续子不语·卷六·夜航船二则

子不语 319

杭州的夜航船,能在晚上航行百里,船上男女混杂,中间用木板隔开。仁和一名张姓少年,生性轻佻,向来自命风流。张某搭船前往富阳,从木板的缝隙中看见一个年轻貌美的女子,对着他似笑非笑。张某以为对方对自己有意思。

晚上睡到三更天时,其他乘客都已经睡熟,隔板忽然被拉开,有人用手摸张某的下体。张某大喜过望,挺着下体,让对方摸,还着急地伸手摸对方,俨然就是女子,于是钻了过去,两人不发一言,极尽云雨之欢。等到鸡鸣时,张某准备起身回舱,女子紧紧抱住他不放手。少年以为她爱自己,更加缠绵。

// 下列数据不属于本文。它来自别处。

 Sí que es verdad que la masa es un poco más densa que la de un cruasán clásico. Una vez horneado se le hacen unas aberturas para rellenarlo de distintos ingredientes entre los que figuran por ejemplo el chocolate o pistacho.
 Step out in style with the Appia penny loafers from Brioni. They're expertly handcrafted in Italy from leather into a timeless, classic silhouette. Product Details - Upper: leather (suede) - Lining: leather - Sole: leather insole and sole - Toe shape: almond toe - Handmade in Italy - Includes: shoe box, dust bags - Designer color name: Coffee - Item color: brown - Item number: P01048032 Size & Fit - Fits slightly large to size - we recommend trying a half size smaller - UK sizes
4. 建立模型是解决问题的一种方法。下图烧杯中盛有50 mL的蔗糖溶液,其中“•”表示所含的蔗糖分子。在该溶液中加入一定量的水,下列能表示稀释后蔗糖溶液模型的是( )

等到天亮时,看见这个女子,头上竟是白发,张某这才大惊。女子说道:“我是街头乞讨的婆子。今年六十多岁,没有丈夫没有子女,也没有亲戚,正愁无处栖身,不料昨晚蒙郎君见爱。俗话说一夜夫妻百夜恩,郎君从今天开始就是我的丈夫,情愿寄托此身,不要分文财礼。跟着相公,有粥吃粥,有饭吃饭,如何?”张某十分窘迫,呼喊众人求救。众人起来后都大笑起来,劝张某给老妇人十余两银子作为酬谢,老妇人才放了张某回自己船舱。张某再回头看那个少女,又对着张某大笑。

柴东升先生乘坐夜航船去吴兴,船中老老少少有十五人,船小人多,不免挤着躺着。半夜忽然听见一个陕西口音的人破口大骂道:“小子无礼!”说完,便捉住一人痛打,并叫道:“我今年五十八岁了,从来没有干过这事。今晚你趁我熟睡,将那话儿插入我的谷道,我吃痛惊醒。你伤了我父母给我的身体,让我死后难以见祖宗!诸位不信的话,请看我两只胳膊上被他擦上的唾沫还没有干。”被打的人一言不发。

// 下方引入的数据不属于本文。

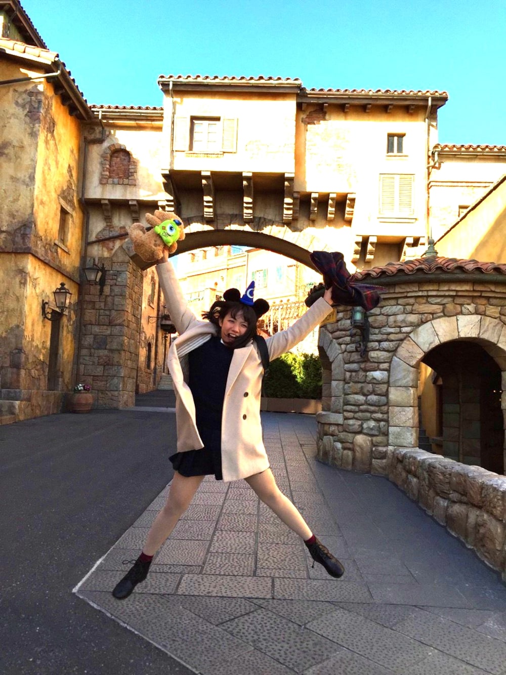 2日目、ディズニーシーにて撮りました! 素敵な街並みで、海外に来ているかのような 写真になりました! ジャンプに集中しすぎてダッフィー後ろ向いてる…笑 しかも太ももの筋肉がぼこっとなってるww

柴东升和其他乘客一起点灯坐起,帮忙劝解。只见一个少年,满面羞惭,被老翁打伤了鼻子,鲜血留了一地。柴东升问道:“老翁是做什么的?”老翁答道:“我是陕西同州人,是当孩童启蒙老师的,一生讲究理学,奉行袁了凡先生的功过格,从来不起半点淫欲的念头。怎么会遇到这种事!”柴东升笑着说道:“老先生实行功过格,能够救人之急,也是一功劳。如果打死了这人,就成了过了。我等押着这个无礼之人给老翁磕头赔罪,并各出两百文钱买些酒肉祭祀水神,叫他为老翁忏悔,如何?”老翁答应了,这才将少年释放。

天亮后,客人们聚在一起笑着劝酒,老翁坐着痛饮,被打的少年低头不语。另外还有一个少年不停笑着,穿着的衣服类似戏班的小旦,众人这才知道被打的少年晚上原本相约欢好的,是这个少年。

 

原文:

杭州夜航船,夜行百里,男女杂沓,中隔以板。仁和张姓少年,素性佻㒓,以风流自命,搭船将往富阳。窥板缝,有少艾向渠似笑非笑,张以为有意于己也。夜眠至三鼓,众客睡熟,隔板忽开,有人以手摸其下体。少年大喜过望,挺其阴使摸,而急伸手摸彼,宛然女子也。遂爬身而入,彼此不通一语,极云雨之欢。鸡鸣时,少年起身将过舱,其女紧抱不放,少年以为爱己,愈益绸缪。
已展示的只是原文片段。